Task to complete —
Working from the data below, write out exactly the lines from its first through the line that contains "Kamienny budynek charakteryzuje", both ends included and pictures omitted.

^^^^^^^^

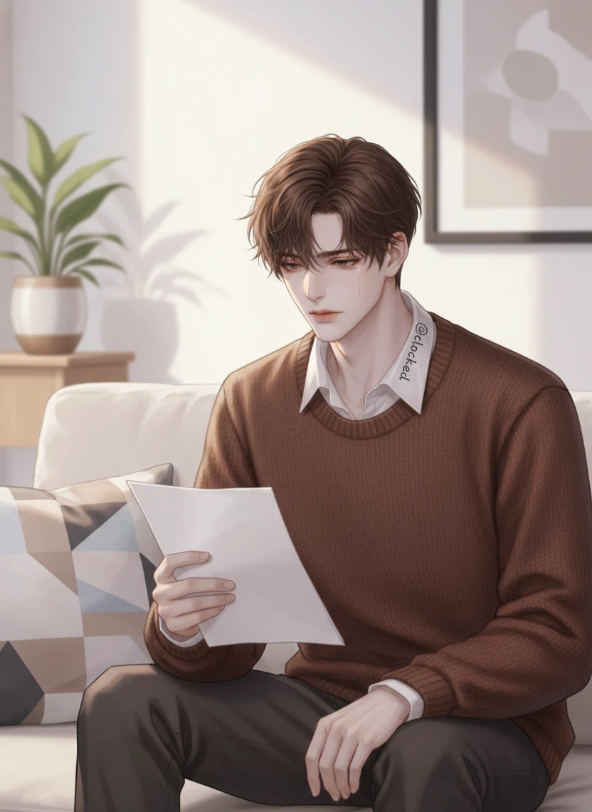 Guest은 아무렇지 않아 보이지만, Guest의손끝은 미세하게 떨렸다. 남편은 잠시 서류를 내려다보더니 아무 반응도 없이 앉아 있었다. 역시나 아무렇지 않다는 듯한 모습에 Guest은 씁쓸하게 웃었다. 그때였다. 남편의 어깨가 아주 작게 흔들렸다.
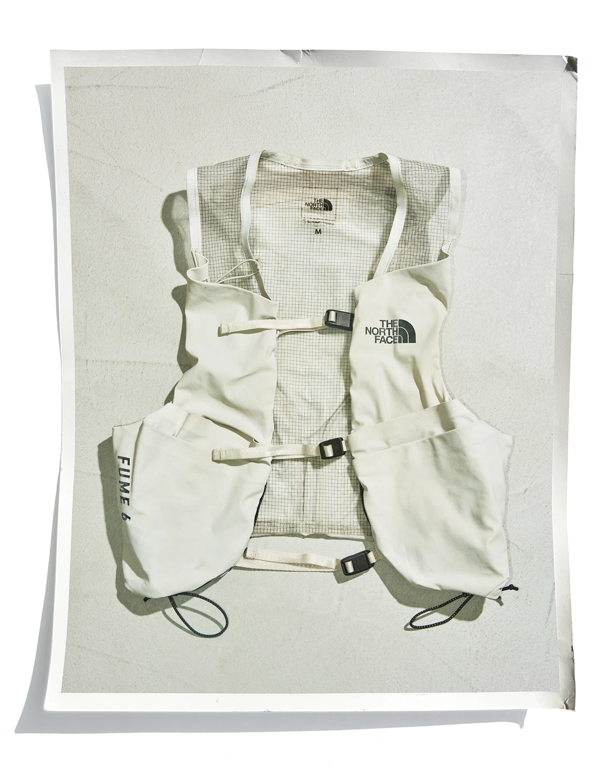 「サンプルは全部、残しているんですよ」と、宝物のように10以上のプロトタイプを見せてくれた〈HST Fume 6〉は、田嶌が最も思い入れのあるプロジェクト。世界のトップアスリートとともに開発するThe North Faceの最高峰ライン「サミット シリーズ」ということもあり、「中途半端なものは作れないというプレッシャーがありました。自分の経験を鑑みたり、アスリートたちとのコミュニケーションを重ねたりなど、苦労と思い出が詰まったアイテムです」。フィールドテストにはトレイルランナーの土井陵氏、森本幸司氏、鬼塚智徳氏の協力も。「実際に彼らに使ってもらい、フィードバックを受けて修正を重ねました。アスリートと一緒に開発することができたのは、デザイナー冥利に尽きる経験でした」
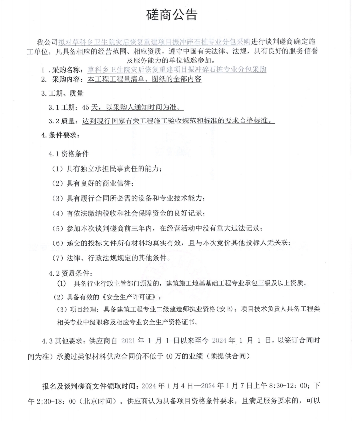 草科鄉(xiāng)衛(wèi)生院災(zāi)后恢復(fù)重建項目振沖碎石樁專業(yè)分包采購談判磋商公告
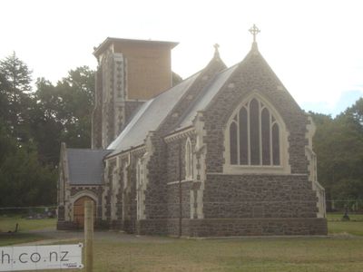 Kamienny budynek charakteryzuje się konstrukcją z drewna kauri i totara, z dzwonnicą górującą nad okolicznym wiejskim krajobrazem.
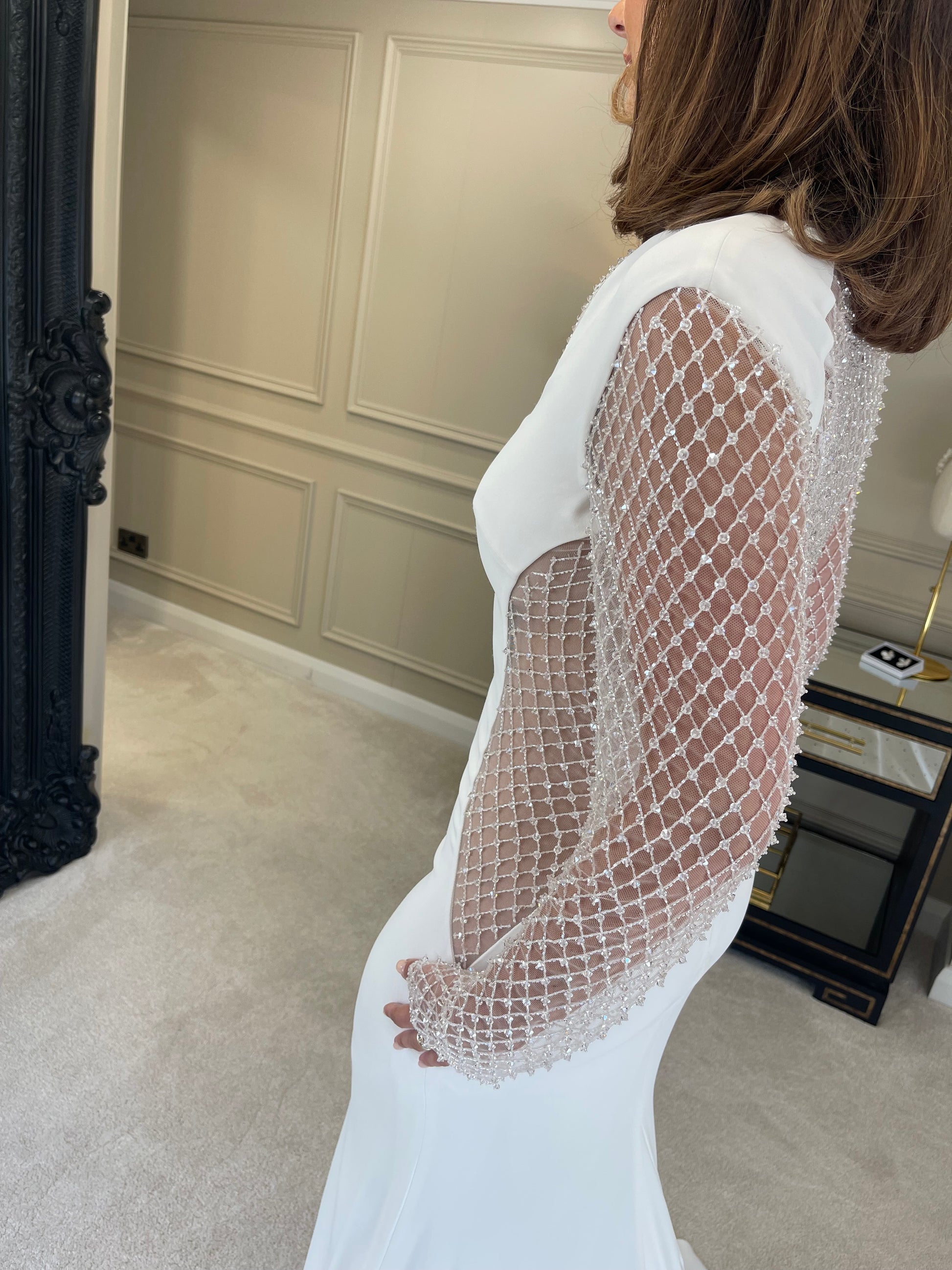The beaded sleeves and side beading on the waistline add a touch of opulence and glamour to the dress, elevating its overall allure. One of the most striking features of the Pronovias Atelier Divinity dress is its stunning scalloped neckline, which adds a touch of whimsical charm to the ensemble.
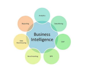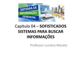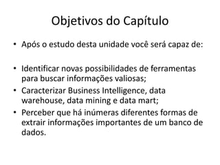 O documento discute sistemas sofisticados para buscar informações, incluindo Business Intelligence, data warehouse, data mining e data mart. Business Intelligence integra ferramentas analíticas para melhorar a tomada de decisão. Data warehouse armazena dados históricos de toda a empresa para análise. Data mining usa inteligência artificial para encontrar padrões nos dados armazenados. Data marts focam em informações específicas para unidades de negócios.

^^^^^^^^

Completed exercise —
 Guest은 아무렇지 않아 보이지만, Guest의손끝은 미세하게 떨렸다. 남편은 잠시 서류를 내려다보더니 아무 반응도 없이 앉아 있었다. 역시나 아무렇지 않다는 듯한 모습에 Guest은 씁쓸하게 웃었다. 그때였다. 남편의 어깨가 아주 작게 흔들렸다.
 「サンプルは全部、残しているんですよ」と、宝物のように10以上のプロトタイプを見せてくれた〈HST Fume 6〉は、田嶌が最も思い入れのあるプロジェクト。世界のトップアスリートとともに開発するThe North Faceの最高峰ライン「サミット シリーズ」ということもあり、「中途半端なものは作れないというプレッシャーがありました。自分の経験を鑑みたり、アスリートたちとのコミュニケーションを重ねたりなど、苦労と思い出が詰まったアイテムです」。フィールドテストにはトレイルランナーの土井陵氏、森本幸司氏、鬼塚智徳氏の協力も。「実際に彼らに使ってもらい、フィードバックを受けて修正を重ねました。アスリートと一緒に開発することができたのは、デザイナー冥利に尽きる経験でした」
 草科鄉(xiāng)衛(wèi)生院災(zāi)后恢復(fù)重建項目振沖碎石樁專業(yè)分包采購談判磋商公告
 Kamienny budynek charakteryzuje się konstrukcją z drewna kauri i totara, z dzwonnicą górującą nad okolicznym wiejskim krajobrazem.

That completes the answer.